巻き毛の下にあらわれたのは細い首と薄い体だ。目にかかる前髪をかきあげもせず「何を探しているんだ?」という。
流れるような口調はまぎれもなく昨日の男だった。カリーの店の――ソール。
審判の塔の扉は御影石の段を上った先だった。切り出したままの岩が長い年月で黒ずみ、中央の、人々が踏んだ部分だけが磨かれたように光っている。
中に入るとクルトと同じ年頃の若者が書類を抱えて奥の廊下を行き来していた。絞った袖の上着をみたところ、書記にちがいない。
受付らしい高いカウンターで灰色の上着を着た男と大柄な騎士が向かいあって話している。クルトが用向きを伝えると、灰色の方が「どの師についている?」と聞く。

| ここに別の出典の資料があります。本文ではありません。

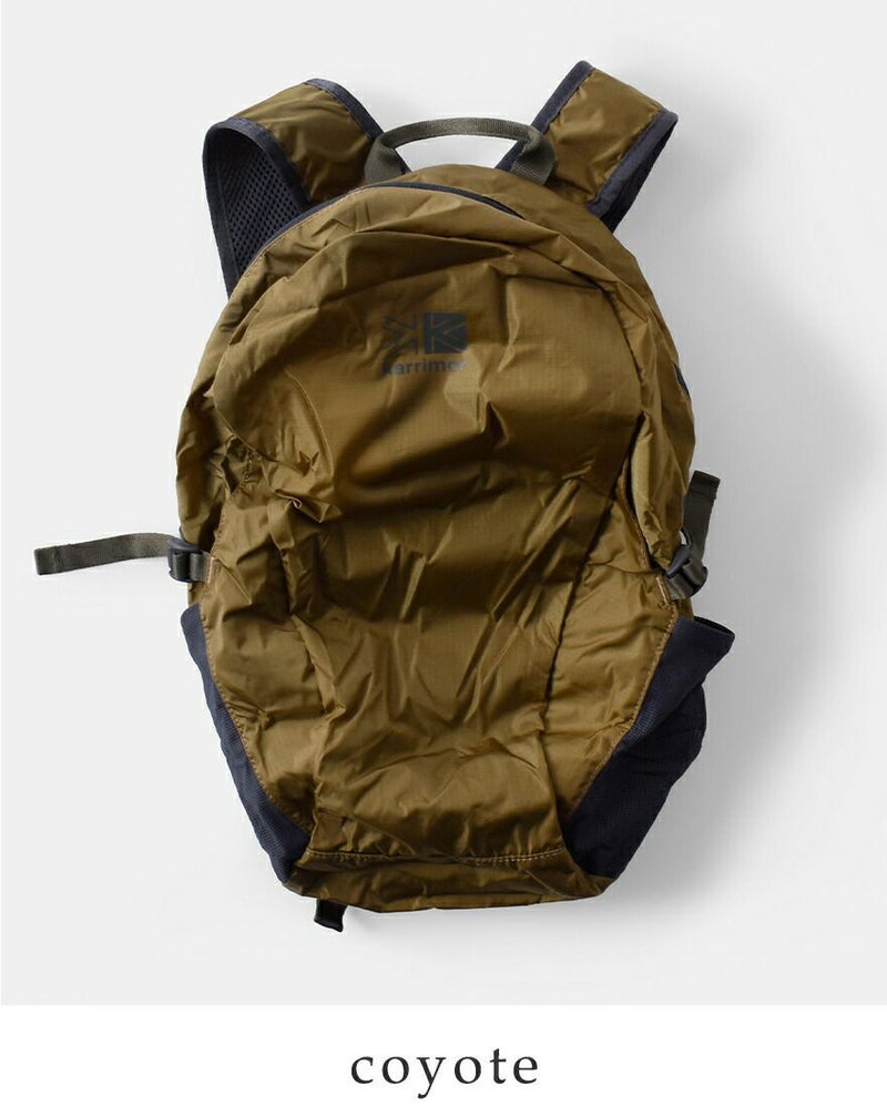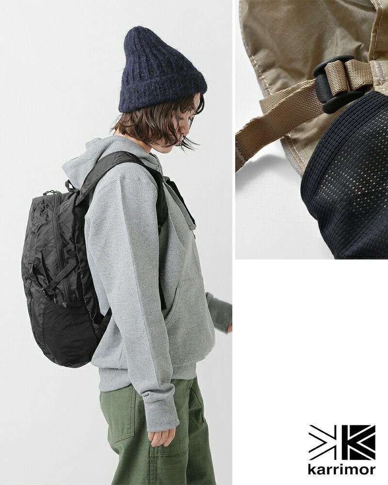 karrimor(カリマー)より、マースパネルロード18 ナイロン パッカブル デイパック 18L “mars panel load 18”のご紹介です。普段使い・通学・通勤やサブバッグとしても便利なパッカブル仕様の18Lのデイバッグです。ダブルファスナーで開け口が大きく開いて荷物の取り出しも楽々。背面とストラップはメッシュ仕様で蒸れにくく、キーフック付き内ポケットやチェストストラップなどパッカブルとは思えない機能性です。軽いので旅行時にもおすすめのアイテムです。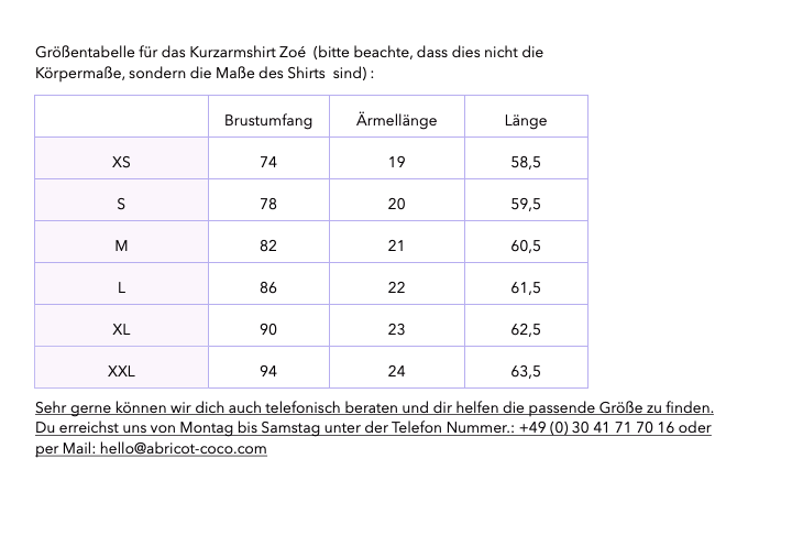 Sehr gerne können wir dich telefonisch beraten und dir helfen die passende Größe zu finden. Du erreichst uns unter: +49 (0) 30 41 71 70 16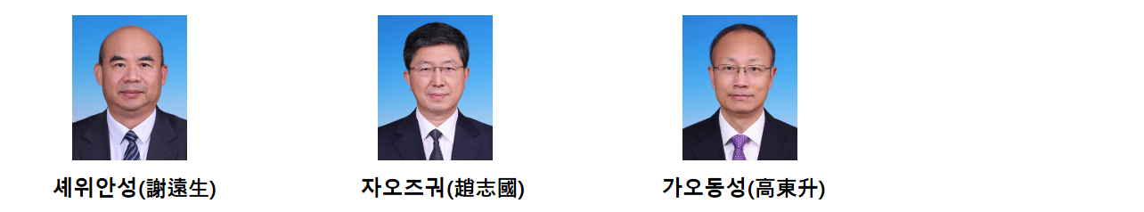 ㅇ (총엔지니어) 자오즈궈(趙志國,1964년생), 정보통신 발전·관리·안전 전문가, 공업정보화부 통신보장국 국장, 공업정보화부 정보통신관리국 국장, 공업정보화부 총엔지니어 등 역임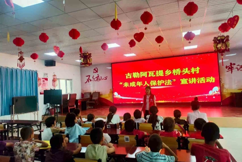 实践队奔赴阿克苏温宿县古勒阿瓦提乡,化身“青春护航者”,聚焦“中华人民共和国未成年人保护法”普及,以通俗易懂讲解、互动问答,为乡村青少年编织“法治防护网”;还组织青少年开展图书阅读分享活动,队员与孩子们围坐书架旁交流经典读物感悟,以书香为媒,搭建知识交流桥梁,让团结友爱种子扎根青少年心中,以青春行动诠释铸牢中华民族共同体意识,守护文化根脉、托举青春未来,书写“三下乡”实践文化润心篇章。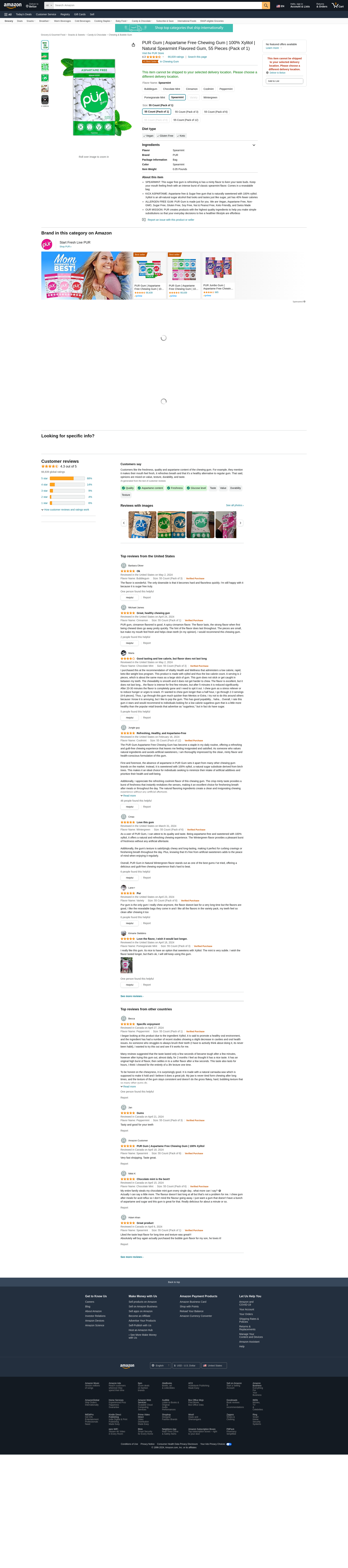 PUR 100% Xylitol Chewing Gum, Spearmint - Sugar-Free + Aspartame Free, Vegan + non GMO, 55 Count (Pack of 1): Maxedbuy.com

「アダマール師です。ここに来たのはヴェイユ師の講義で…」
「ああ、わかった」
手続きは事務的で簡潔だった。クルトが帳面に名前を記入すると灰色の男は「書庫はつきあたりだ。階段を降りなさい」と回廊の先を指さす。
「魔術関係の事件はたいてい三層目にある。持ち出しは禁止。すべて写すか記憶すること。閲覧禁止の区画に立ち入るのも厳禁だ。もし中で問題が起きた場合は隠さずにいいなさい。破損や紛失が判明したら学院へ連絡する」
審判の塔は王城でも独立した場所として扱われている。騎士団の警備隊が取り締まる犯罪や個人のあいだの訴訟、最終的に王の決裁を仰ぐ重大な事件も、この塔で調査され、審議され、記録される。そして地下の書庫に保管されるのだ。
頭ではわかっていたが、一歩中に入ったとたん、クルトはその規模に圧倒された。
それはどこまで続くともしれない、梯子と階段と書架の迷路だった。明るく照らされた三層構造で、数カ所に吹き抜けが切られている。
壁は幾何学図形で区分けされ、書類でびっしり埋められていた。吹き抜けから下層をのぞくとまるで崖か、縦穴のようだ。
人影は見えなかったが、閉ざされた空間だけあって魔力の気配は明瞭に感じられ、無人ではなかった。そこかしこで案内板や索引が目にとまるが、学院の図書室のように司書がいるわけでもない。番号が振られた棚にインデックスが付された書類の綴りが並び、クルトによそよそしい顔を見せている。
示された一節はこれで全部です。